Стол был накрыт в самой большой комнате, назовём её гостиной. Всюду, на полу и стенах, хорошие шерстяные ковры, широкая софа, прекрасный ореховый сервант и в углу новый цветной телевизор «Рубин», а также магнитофон и проигрыватель. Просторный овальный стол был уставлен прекрасными блюдами, включая русский холодец и еврейский форшмак. Разнообразные салаты, икра, на питие коньячок, водочка и «Черный доктор».
На телевизоре светился чудный стеклянный попугай, оригинальный ночник — подарок Нюме к празднику от Жанны.
Не долго думая, никого больше не ожидая, окунулись в хорошо подготовленную пьянку. Нюма регулярно поворачивался к проигрывателю и сам лично ставил самые дорогие для него подпольные, на рентгеновских пленках, пласты Петра Лещенки — «Журавли», «Марусечка», «Татьяна»… Первую рюмку выпили за Нюмину маму с ветхозаветным еврейским именем Рахиль, которая всех поблагодарила и тактично удалилась, чтобы до конца торжества уже не мозолить глаза передовой советской молодёжи.
В перекурах танцевали и бесились от настоящего веселья. Фая настойчиво пыталась танцевать непременно с Сенькой и, в случае удачи, дико прижималась, но Семёну от неё было тошно и он как–то открутился, вручив её по принадлежности Мусику.
После чаевничанья, то есть сладкого стола, убрали посуду и унесли шикарную плюшевую скатерть. Верхний свет убрали, светился только пёстрый попугай и небольшая настольная лампа бросала круг света на центр стола. Начали играть в карты на американку, значит, на желание. По объявленным Нюмой правилам проигравший снимает одну вещь из своей одежды, а если одежда кончилась, то выполняется любое желание победителя вплоть до… Если снимать какую–либо вещь проигравший не хочет, то он может заменить наказание оприходованием штрафной рюмки.
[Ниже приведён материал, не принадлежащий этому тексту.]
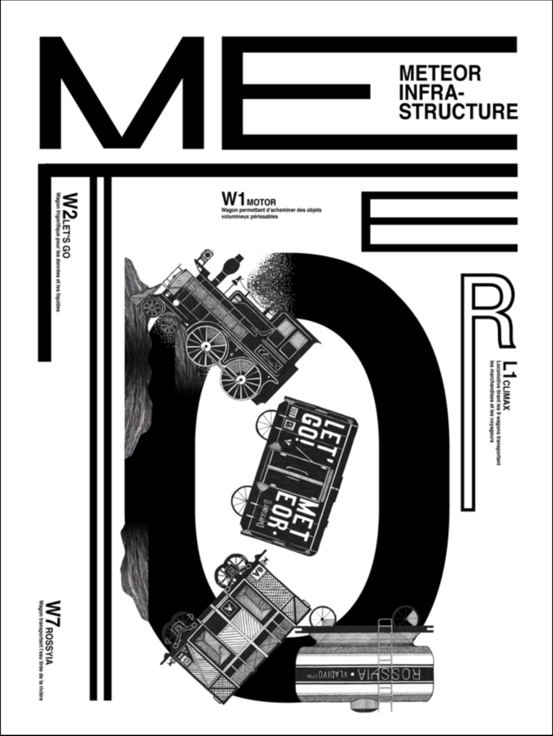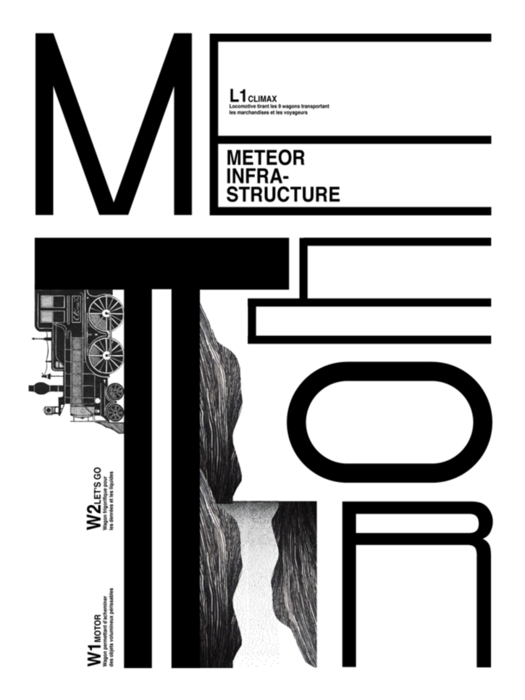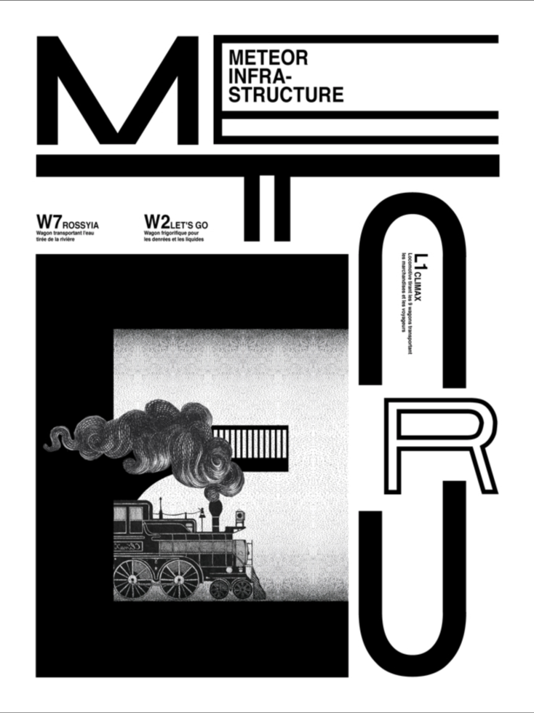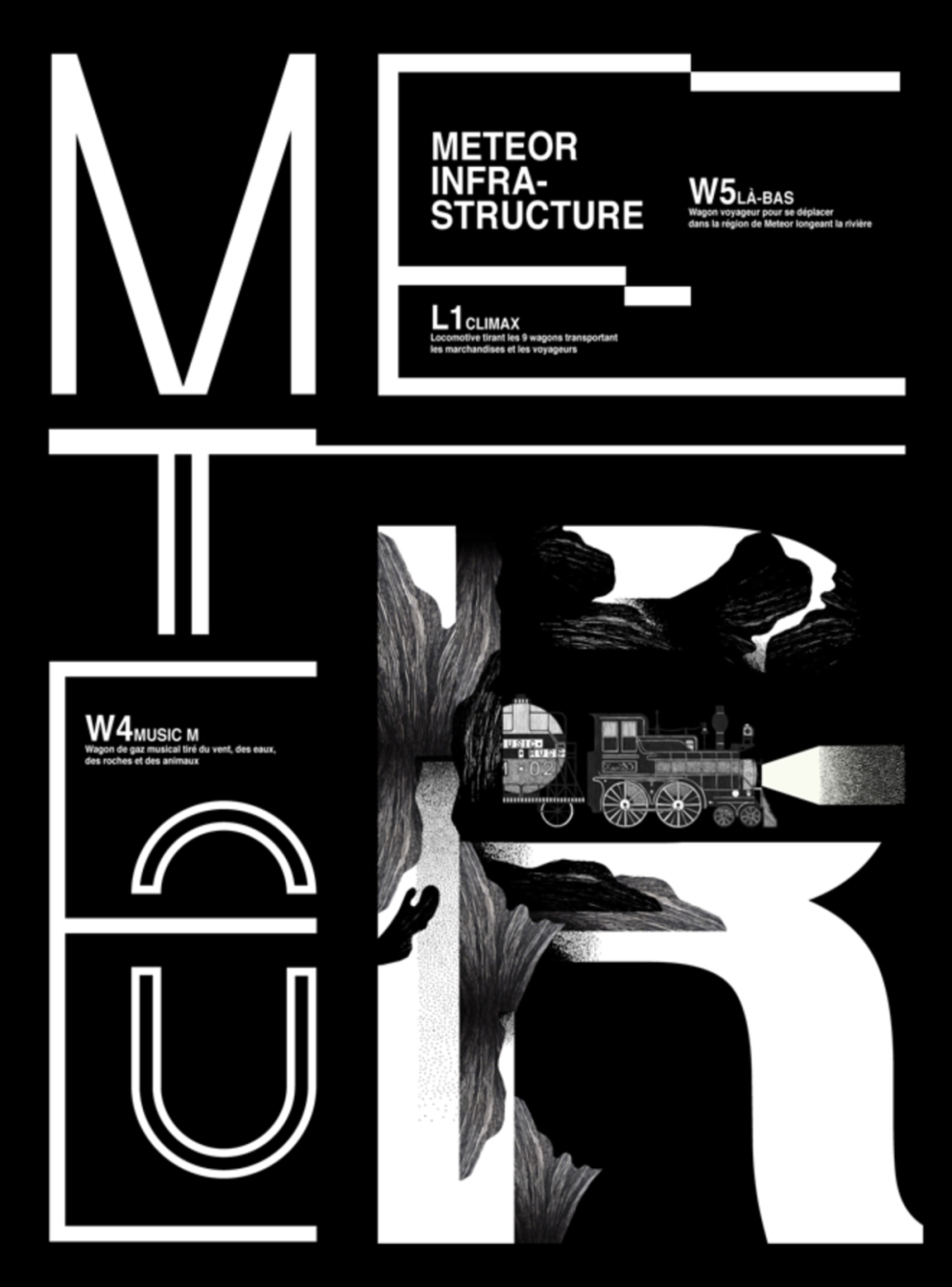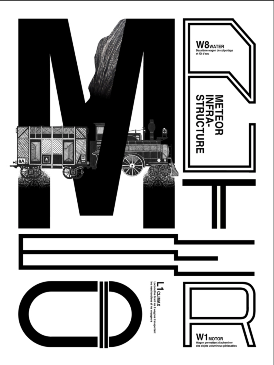 这组海报出自法国设计工作室:My Name Is Wendy,为一个叫做流星计划的项目所设计,该系列海报都是以火车以及Meteor(流星)为设计主体。精细的插画与简洁、硕大的无衬线英文字母相结合,呈现出强烈的繁简对比。为了突出主体,没有搭配插画的字母笔画都相对细很多,内文的字号则尽量缩小,与Meteor穿插排版,整体看起来大气而又细腻。以黑白灰作为主色,使海报的复古和工业气息更加浓厚。

В результате часа игры все присутствующие оказались раздеты до трусов, и был объявлен перерыв на танцы. К Семёну опять пыталась пришвартоваться Фая, тряся перед самым его носом своими теперь уже обнаженными после американки увесистыми, как килограммовые пшеничные батоны, грудями, и он с трудом уклонился от её приглашения сбацать что–нибудь зажигательное. Сенькина Манечка, Жанна и Наум втроём чего–то вытанцовывали, тесно прижавшись друг к другу. Белые сиськи Мани и Жанны то и дело выхватывал боковой свет из открытой в коридор двери.
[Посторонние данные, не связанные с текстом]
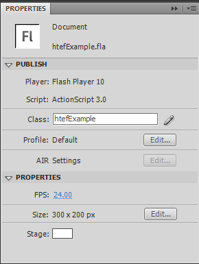 Create a new FLA (here named htefExample.fla) and a new document class ActionScript file (here named htefExample.as).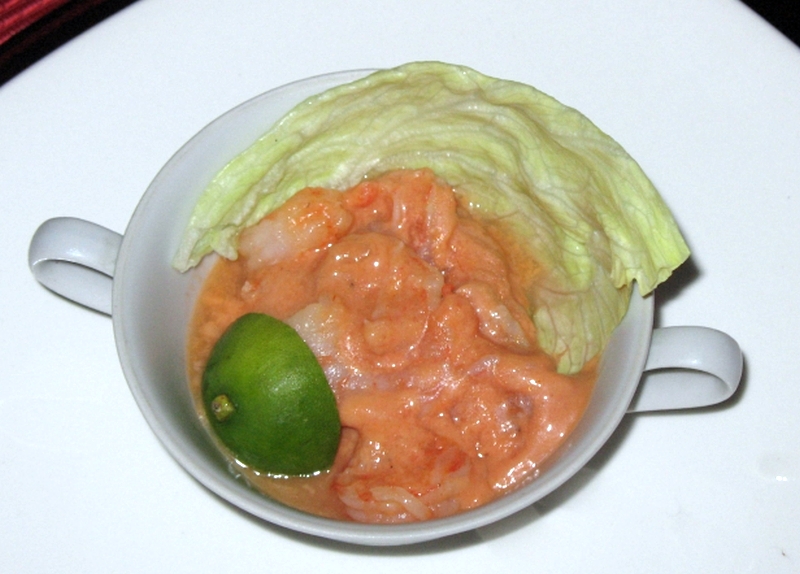 Langoustines (Pomona) – sauce Marie-Rose. Le secret de la sauce est l’ajout de quelques gouttes de Tabasco.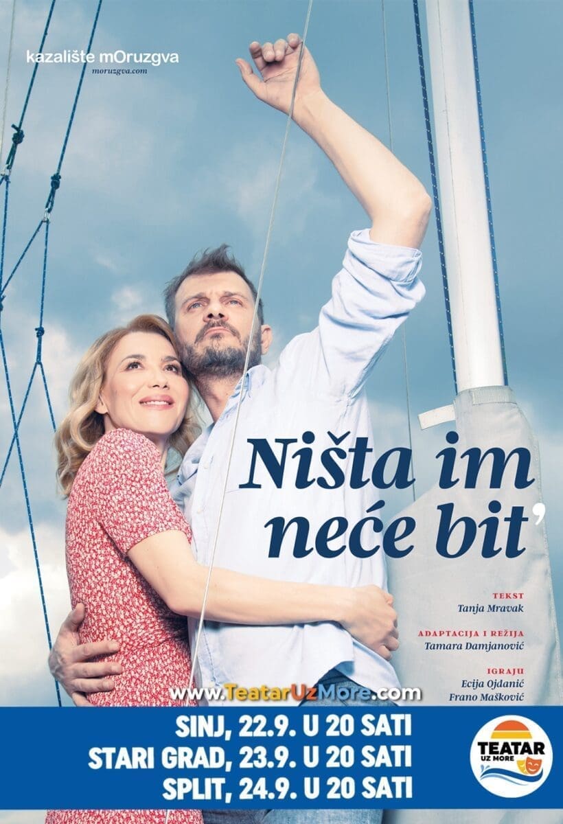 Zatvaranje ljetnog festivala Teatar uz more u Splitu održat će se ove nedjelje 24. rujna u 20 sati uz najnoviju komediju kazališta Moruzgva "Ništa im neće bit' ". Zbog najavljenih nepovoljnih vremenskih prilika Ecija Ojdanić i Frano Mašković zaigrat će u dvorani Lora umjesto na ljetnoj sceni u Lori.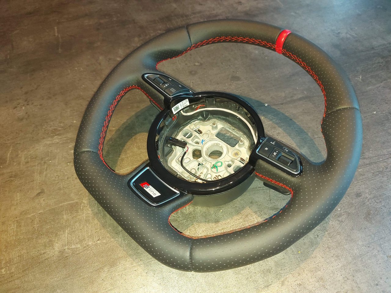 Alors pour la modif du volant, j'en ai eu pour 300 euros tout rond... Création d'un méplat, surpiqûres rouges, cuir perforé, Baquet rouge 12 heures, etc... J'ai choisi cette option pour plusieurs raisons... Pas de soucis de compatibilité avec mon airbag,totalement plug&play, pas de modif via vcds ou autre nécessaire pour les commandes ou palettes par exemple, je n'ai pas à m'ennuyer avec la revente de mon ancien volant, etc... Franchement, la qualité est au rendez-vous, pour le tarif, je suis ravi... 😍😍😍 À noter qu'une fois le volant déposé, j'ai eu peur de casser les commandes, palettes, etc au démontage... 😅😅😅 Du coup j'ai envoyé le volant tel quel, avec tout les éléments en place,et elle me l'as renvoyé tout remonté, comme sur les photos...😊😊😊 Voici le volant qui as servi en partie de modèle :le but était d'avoir un volant sympa, proche de l'origine, et surtout pas trop exubérant comme on peut voir parfois... -

Наконец, Верка Кислица и Файка с Мусиком отвалили, так как им что–то пришлось не по сердцу. Скорее всего, Верку Нюма приглашал как подменную шалаву на случай, если кто из мужиков придёт один. А молодые евреи поссорились и ушли, нахохлившись. Правда, их ухода уже никто, кроме Семёна не заметил. Бэра утащил свою сисястую Цыбульку в соседнюю комнату, и вскоре к общественности стали доноситься её повизгивания и ритмичный скрип старого дивана. Затем Сенька проиграл трусы и, стесняясь, заменил снятие этой последней детали опрокидыванием очередной рюмки. Видимо, это было уже сверх всяких пределов, так как дальше он уже ничего не помнил, поскольку вырубился до утра.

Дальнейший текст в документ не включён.